"De Gasperis" Cardio Center, Niguarda Hospital, ASST Grande Ospedale Metropolitano Niguarda, Milan, 20162, Italy.
Department of Cardiovascular & Thoracic Sciences, Catholic University of the Sacred Heart, Rome, 00168, Italy.
Future Cardiol. 2023 Feb;19(2):91-103. doi: 10.2217/fca-2022-0120. Epub 2023 Apr 20.

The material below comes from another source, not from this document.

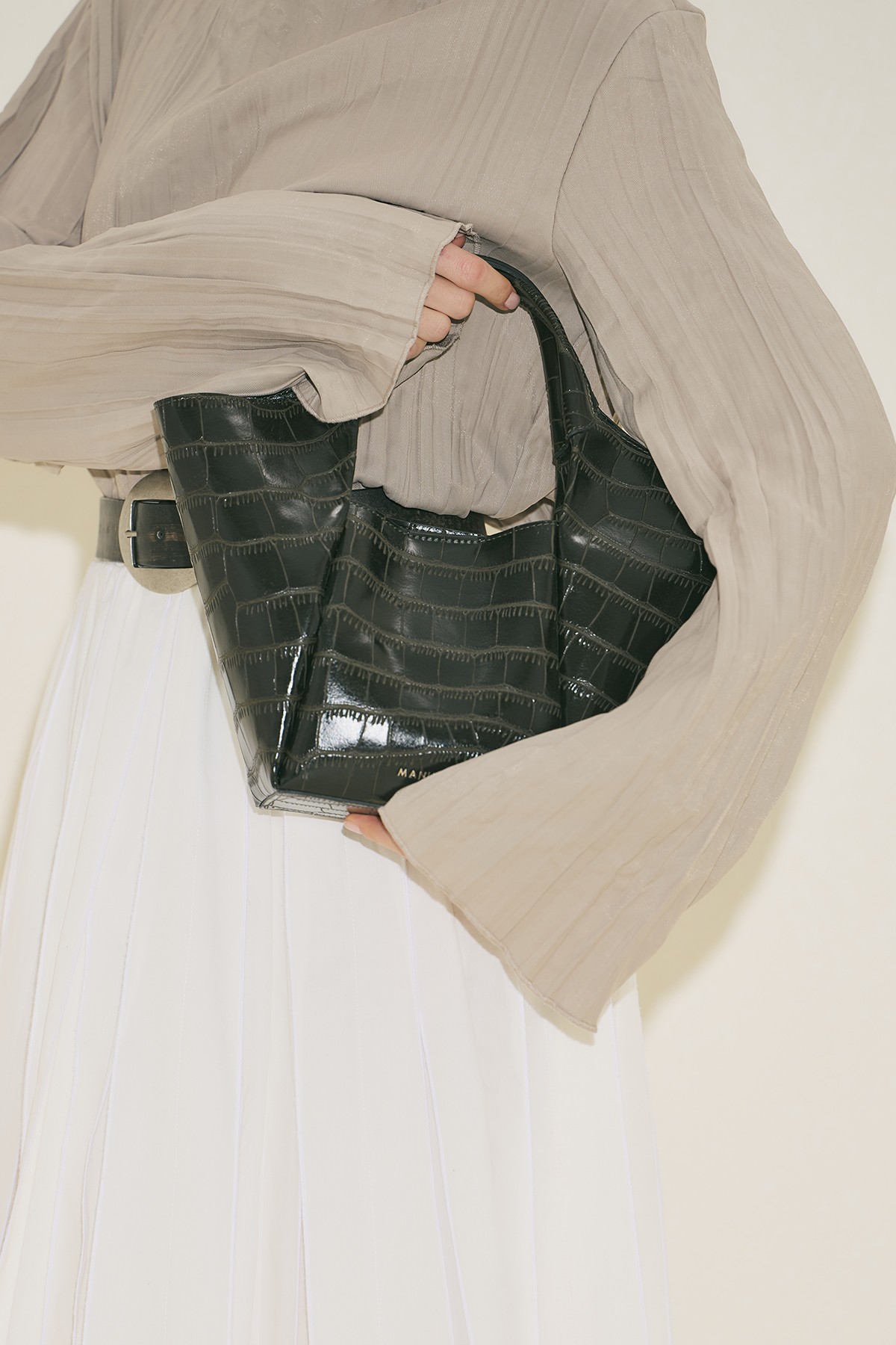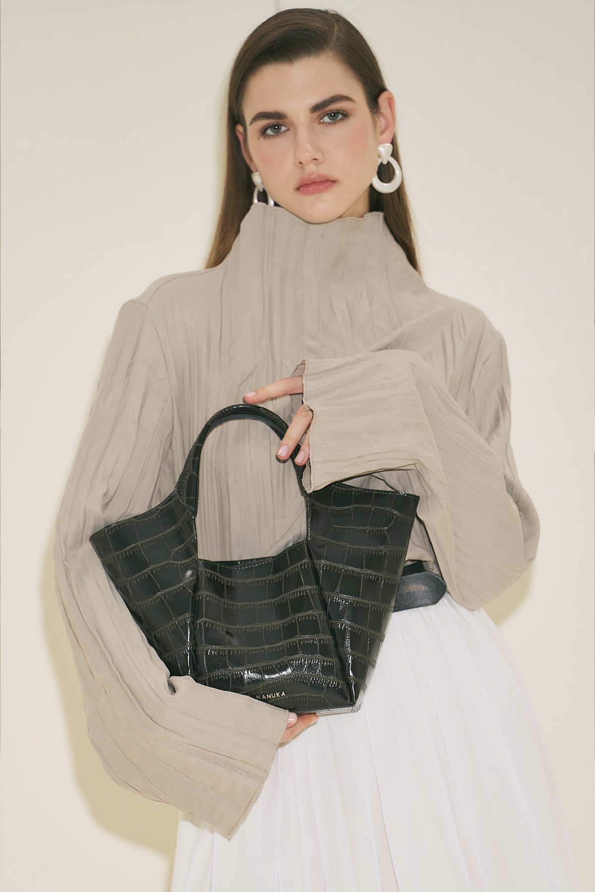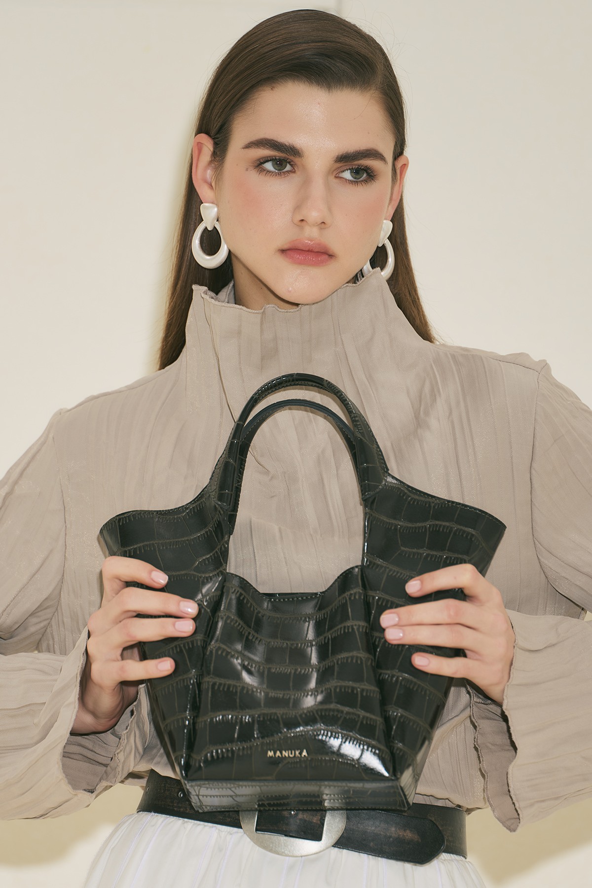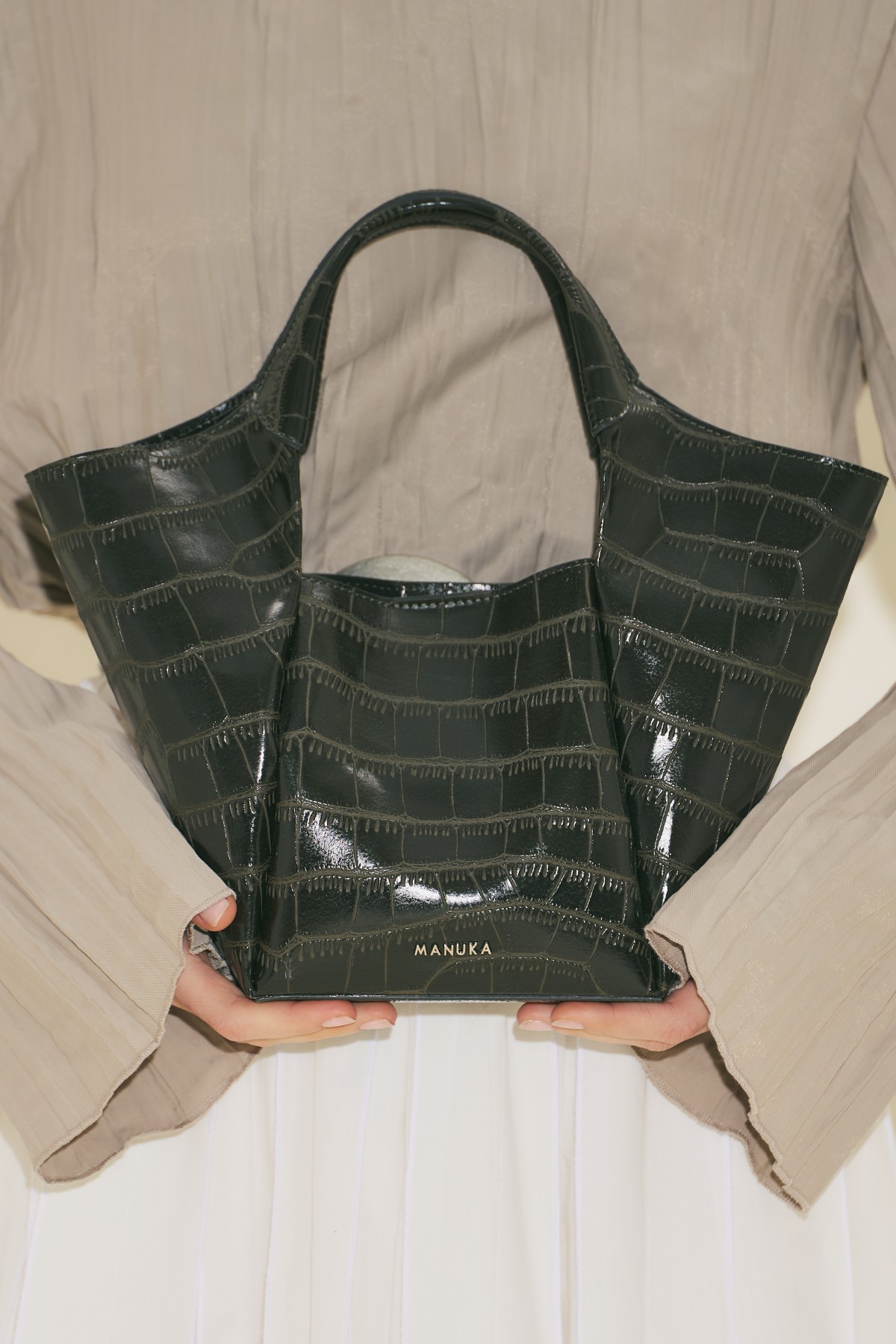 Orta boy, kabartma desenli, manuka logolu, çıtçıt kapamalı, suni deri, astarsız.

Even if immune checkpoint inhibitors have revolutionized the landscape of cancer therapy, their use may be complicated by immune-related adverse events. Among these, myocarditis is the most severe complication. The clinical suspicion often arises after clinical symptoms onset and increase in cardiac biomarkers or electrocardiographic manifestations. Echocardiography and cardiac magnetic resonance imaging are recommended for each patient. However, since they may be misleadingly normal, endomyocardial biopsy remains the gold standard for establishing the diagnosis. Until now, treatment has been based on glucocorticoids even if increasing interest has risen in other immunosuppressive agents. Although myocarditis currently imposes immunotherapy discontinuation, case reports have suggested a safety rechallenge in low-grade myocarditis paving the way for further studies to respond to this unmet clinical need.

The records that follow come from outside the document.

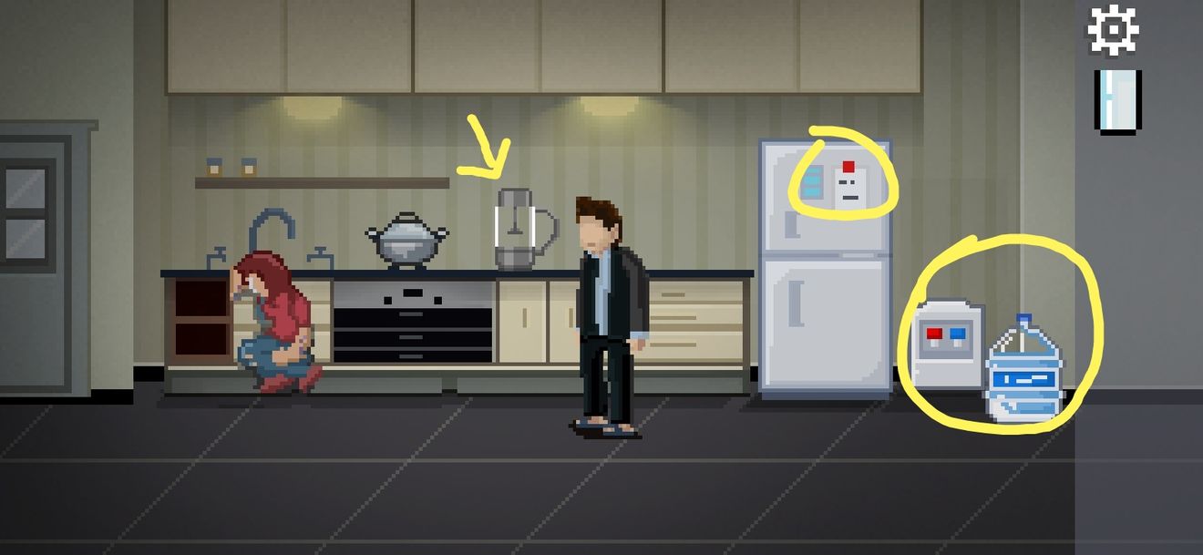 打开冰箱下层获得一个柠檬;点击水桶装饮水机,根据冰箱上贴的纸条提示的红蓝点击水龙头,打开后即可用玻璃杯装水。把柠檬和水分别装入榨汁机,拾取柠檬汁喂给妻子。
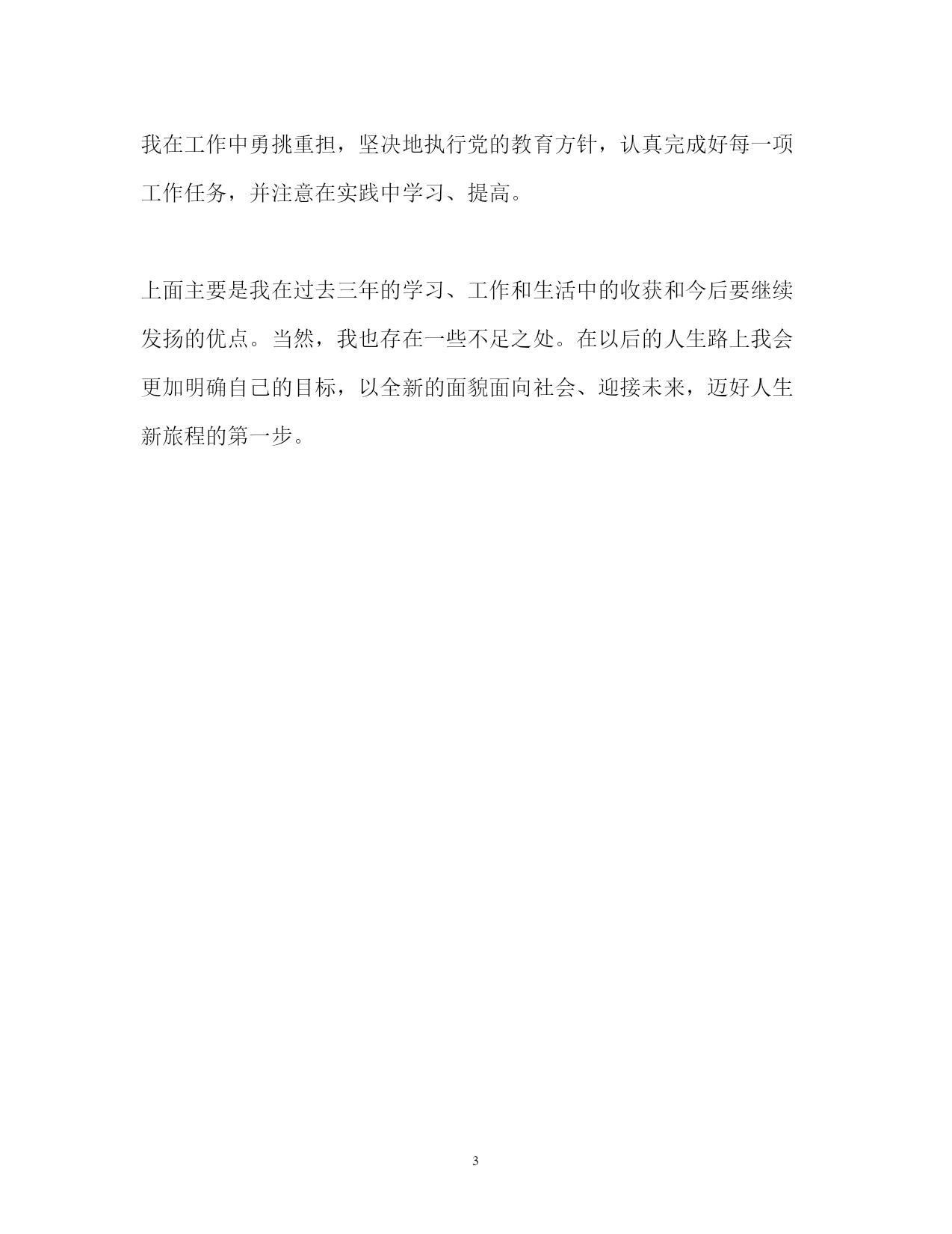 此资料由网络收集而来,如有侵权请告知上传者立即删除。资料共分享,我们负责传递知识。PAGEPAGE3硕士研究生应届毕业生自我评价硕士研究生应届毕业生自我评价自成为一名硕士研究生以来,这三年我的学习、工作和生活充实而有意义,收获很多,成长很快。我在政治上、思想上一直积极要求进步。进入XX大学后,通过参加业余党校和入党积极分子培训班的学习,我对建设有中国特色的社会主义理论和党的基本路线有了较深刻的认识,树立了坚定的主义信念,并光荣的加入了中国党。经过党组织1年预备期的考察,如期转为正式党员。我决心要做一名合格的、模范的党员,在学习、工作、思想上起带头作用,特别是在政治上起先锋模范作用。自入党以来,我时刻以党员的标准严格要求自己,拥护党的纲领,执行党的决议,履行党员的义务,遵守党的纪律,在群众中树立了一个党员的良好形象。我被评为XX大学年度优秀党员,我觉得这是党组织对我工作的承认,同时也是对我的鞭策,促使我不断完善自己,更加努力地工作,能为祖国和人民做出更大的贡献。我参加了XX大学研究生干部学校的培训,通过学习和讨论《xxx文选》、听取各种讲座以及其它丰富多彩的活动,我不但提高了理论水平,而且锻炼了各方面的.能力,并应用所学到的知识,积极配合学校开展研究生工作,为学校的建设做出自己应有的贡献。作为学生我从不放松学习,在第一年,我修完了导师指定的各门研究生课程,总学分达到了研究生培养计划的要求,成绩优秀。另外我还参加了教学实习,带本专业本科生的遗传毒理学实验课,以及协助本科班的毕业生完成毕业论文。后来进入实验室工作,广泛查阅了国内外相关的文献资料,从准备实验材料、摸索实验方法到完成实验设计都投入了大量的劳动。认真完成了毕业论文的写作,并顺利通过了硕士论文答辩。在学习和科研工作之余,我还热心社会工作,积极为同学服务。上研究生后我主动承担起临时班长的职务,在新生入学的一系列工作中充分发挥自己“老生”的优势,热情周到地为同学服务。尽管学业和科研任务繁重,但为了配合院学生工作组老师做好学生工作,我服从组织安排,在团学联中担任学生工作助理。高度的责任心和使命感促使我在工作中勇挑重担,坚决地执行党的教育方针,认真完成好每一项工作任务,并注意在实践中学习、提高。上面主要是我在过去三年的学习、工作和生活中的收获和今后要继续发扬的优点。当然,我也存在一些不足之处。在以后的人生路上我会更加明确自己的目标,以全新的面貌面向社会、迎接未来,迈好人生新旅程的第一步。
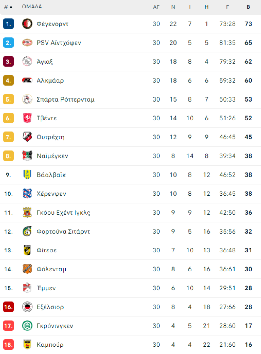 ΟΛΛΑΝΔΙΑ - EREDIVISIE
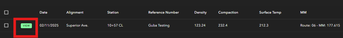 If you have an integration with OnStation and TRansTech, your Density Test data will display here in the "Density Test" menu.
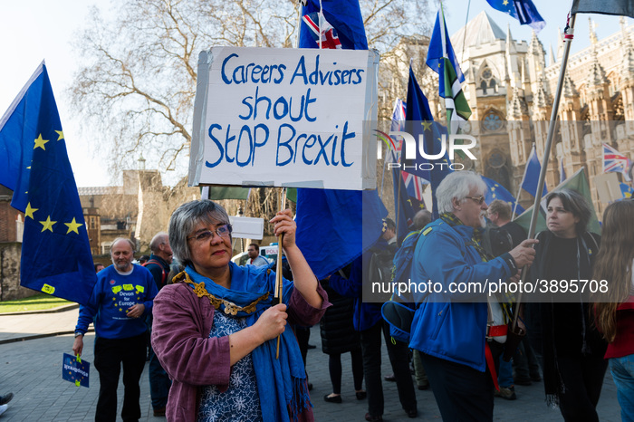 Pro-EU supporters protest outside the Houses of Parliament in London as they campain to stop Brexit and demand a People's Vote on EU membership on 27 February, 2019. Today MPs vote on amendments to government's Brexit motion as Prime Minister Theresa May has yesterday promised MPs a chance to vote on no-deal Brexit and extension of Article 50 should her revised Brexit deal be rejected during a 'meaningful vote' by 12th of March. (Photo by WIktor Szymanowicz/NurPhoto)

即使免疫检查点抑制剂彻底改变了癌症治疗的格局,其应用也可能因免疫相关不良反应而变得复杂。其中,心肌炎是最严重的并发症。在出现临床症状和心脏生物标志物增加或心电图表现后,临床常怀疑发生心肌炎。建议对每位患者进行超声心动图和心脏磁共振成像检查。然而,由于它们可能表现出误导性的正常,因此心内膜心肌活检仍然是诊断的金标准。到目前为止,治疗一直基于糖皮质激素,尽管其他免疫抑制剂的应用引起了越来越多的关注。尽管心肌炎目前会导致免疫治疗中断,但病例报告表明,在低级别心肌炎中再次安全使用免疫检查点抑制剂可能为进一步研究以满足这一临床需求铺平道路。